The league’s coaches, refs and players — from LeBron James to Zion Williamson — have been using the anthem demonstrations to raise awareness as games pick back up in Orlando … a gesture that is being supported by NBA commish Adam Silver.

Isaac became the first player to choose to stand as the anthem was played before the Magic’s match-up with the Brooklyn Nets on Friday … while the rest of the team’s players and staffers took a knee.

It’s worth noting — Silver says everyone will have the option to kneel during the anthem without consequence … despite a league rule requiring players to stand.

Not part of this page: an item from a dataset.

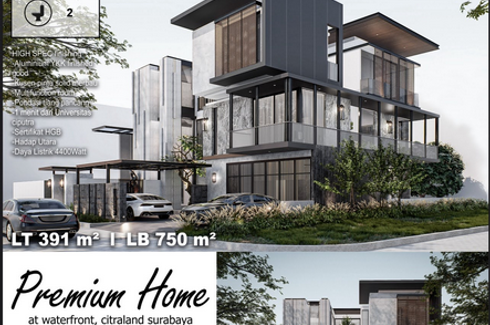 Rumah Citraland Watefront Spesifikasi :* LT / LB : 240m2 (12x20) / 567m2* KT / KM : 5+2 / 6+1* Hadap : Selatan* Sertifikat : HGB* Keterangan : Listrik 5500 Watt, High Spec, Rumah Baru Gress, Super Lux, Bangunan 3 Lantai Modern Tropical, Garasi 4 Mobil, Carport 2 Mobil, 2 Dapur, 2 Gudang , Aluminium YKK Finished Good, Pintu Kayu Merbau dan Architrave, 8 AC (2 Cassette), 8 CCTV IP Camera, Sanitary Kohler,...

The same goes for anyone who wishes to stand — no one is saying the players HAVE to kneel, either.

So far, Jonathan hasn’t commented on his decision to stand publicly — because the game is currently being played. But, when he does, we’ll update here.

Charles Barkley spoke about the demonstrations on Thursday during TNT’s “Inside The NBA,” saying, “The national anthem means different things to different people.”

“I’m glad these guys are unified. If people don’t kneel, they’re not a bad person. I want to make that perfectly clear. I’m glad they had unity, but if we have a guy who doesn’t want to kneel because the anthem means something to him, he should not be vilified.”

The Magic released a statement in support of the demonstration, saying, “The DeVos Family and the Orlando Magic organization fully supports Magic players who have chosen to leverage their professional platform to send a peaceful and powerful message condemning bigotry, racial injustice and the unwarranted use of violence by police, especially against people of color.”

“We are proud of the positive impact our players have made and join with them in the belief that sports can bring people together — bridging divides and promoting inclusion, equality, diversity and unity.”